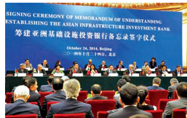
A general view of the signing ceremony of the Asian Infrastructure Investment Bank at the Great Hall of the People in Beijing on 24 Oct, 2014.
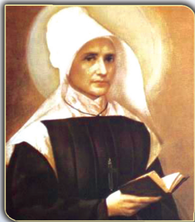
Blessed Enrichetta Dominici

...

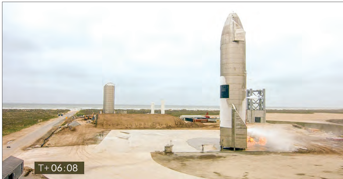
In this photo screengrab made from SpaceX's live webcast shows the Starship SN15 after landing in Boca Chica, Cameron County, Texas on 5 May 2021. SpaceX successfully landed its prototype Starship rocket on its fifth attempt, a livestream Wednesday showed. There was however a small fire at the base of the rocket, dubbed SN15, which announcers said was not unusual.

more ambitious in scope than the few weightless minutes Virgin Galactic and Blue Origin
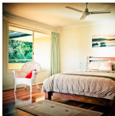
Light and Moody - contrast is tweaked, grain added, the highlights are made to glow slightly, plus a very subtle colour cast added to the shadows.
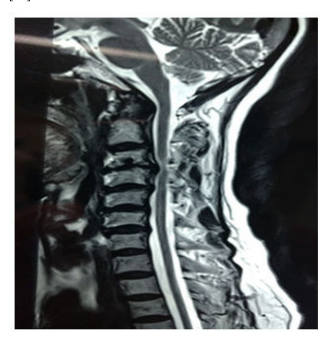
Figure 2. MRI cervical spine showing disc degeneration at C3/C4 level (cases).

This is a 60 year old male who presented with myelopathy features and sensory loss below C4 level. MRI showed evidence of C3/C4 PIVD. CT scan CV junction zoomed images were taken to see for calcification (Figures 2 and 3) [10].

● **Task statement**: Both the line above containing "Light and Moody" and the line containing "Figure 2. MRI" belong in the copy, along with every line between them; print these exactly and omit the pictures.

● **Solved exercise**:
Light and Moody - contrast is tweaked, grain added, the highlights are made to glow slightly, plus a very subtle colour cast added to the shadows.
Figure 2. MRI cervical spine showing disc degeneration at C3/C4 level (cases).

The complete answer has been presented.